Thursday, 25 August 2011

The Price of Goodness

Let us start with an abstract arguement: Do the means justify the ends? Well what ends you might ask and what means? The end is the perfection of society and man - the means are any and all available. And why are any means permissable? Since the end is itself perfect, nothing should be aloud to stand in it's why surely?

And here is the problem - the definition of perfection of society and man. Who's perfection are we talking? Is it the perfection of the rulers of Aldous Huxely's "Brave New World"? The perfection of Orwell's Ing-Soc? The perfection of Mao-Tse-Tung, Kim il Sung or Pol Pot? The perfection of Louis XIV or Hitler?

Why is it that high ideals and utopian ideology seem to end up with a state of affair that the Greeks described 2000s or so years ago as tyranny? The absolute rule of the many by the few - alledgedly for their own good...the many regarded by their subjects as clay to be moulded, blank slates to be written on with party slogans, ignorant children to be educated and indoctrinated. And the perfect society is always an omlete which requires the breaking of a few eggs...minorities who must become the sacrificial victims for the good of society - like the Aztecs whose religion required a wholesale sacrifice of captives in order to feed the sun, these victim classes - racial, religious, political and class minorities are sacrificed with as spurious a justification for the good of the whole. And the real reason? A tyranny must be fed constantly on the blood of its subjects - this Leviathan must be nourished and it will be because all men fear the heart of darkness of anarchy - a breakdown of society and human relations where society framents into it's constituent tribal units based around strong leaders and the whole evolution of human society must take it's bloody course once again.

Human life is fragile, imperfect and uncertain - we long with all our heart to make it otherwise - we often feel the pain of our vulnerability when confronted with extrememe situations such as death and violence. Every social structure is a collective attempt to control our lives since we know that as an individual we will not survive in the wild for long. This individual has much freedom but little power. And yet what is the best way for a group of people to organise themselves? What  political structure will guarentee the greatest liberty for the greatest number of people, afford the greatest measure individual control, resist the ravages of time and endure the attempts of other states to destroy or subjugate it?

I know not - but I feel that the attempt to control men is futile - the average man cannot share the desires and visions of those at the apex of the pyramid. The average man wishes for a life which is modest and unsupposing. Napoleon once called England "a nation of shopkeepers" - is that so terrible? Why can not rulers accept humanity in all it's glorious imperfection? If you treat your subjects as children then they shall behave like children and if you treat your subjects like dogs they shall behave like dogs. And maybe if you treat your subjects like humans they will be humane?

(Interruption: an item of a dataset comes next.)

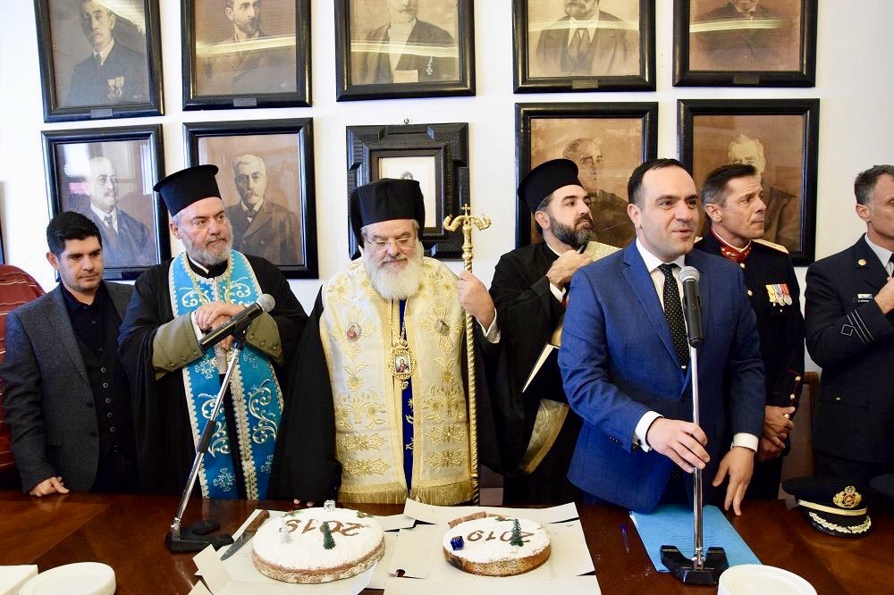 Στη συνέχεια, στο Δημαρχιακό Μέγαρο υπό την παρουσία του Δημάρχου κ. Κωνσταντίνου Κουκά, του Προέδρου του Δημοτικού Συμβουλίου, των κ.κ. Αντιδημάρχων, Προέδρων Νομικών Προσώπων του Δήμου, Δημοτικών Συμβούλων, του κ. Διοικητή της 6ης ΜΣΕΠ, του Λιμενάρχη, του Διοικητή του Αστυνομικού Τμήματος, του Διοικητή της Πυροσβεστικής, εκπροσώπων Υπηρεσιών, Φορέων, Συλλόγων, Οργανώσεων και πλήθους Μυκονιατών πραγματοποιήθηκε η κοπή της παραδοσιακής βασιλόπιτας του Δήμου Μυκόνου, το ψάλσιμο των καλάντων καθώς και η ομιλία του Δημάρχου Μυκόνου.

So the saying is that charity begins at home - maybe our society would be better off for all of us if we personally befriended one person in need and took responsibility for helping them improve their life than with all the government social planning, political correctness, bureaucracy. Maybe we should stop seeking perfection and embrace imperfection - stop trying to control everything and allow things to be as they are. Maybe the spectre of bloody anarchy is less real than we fear.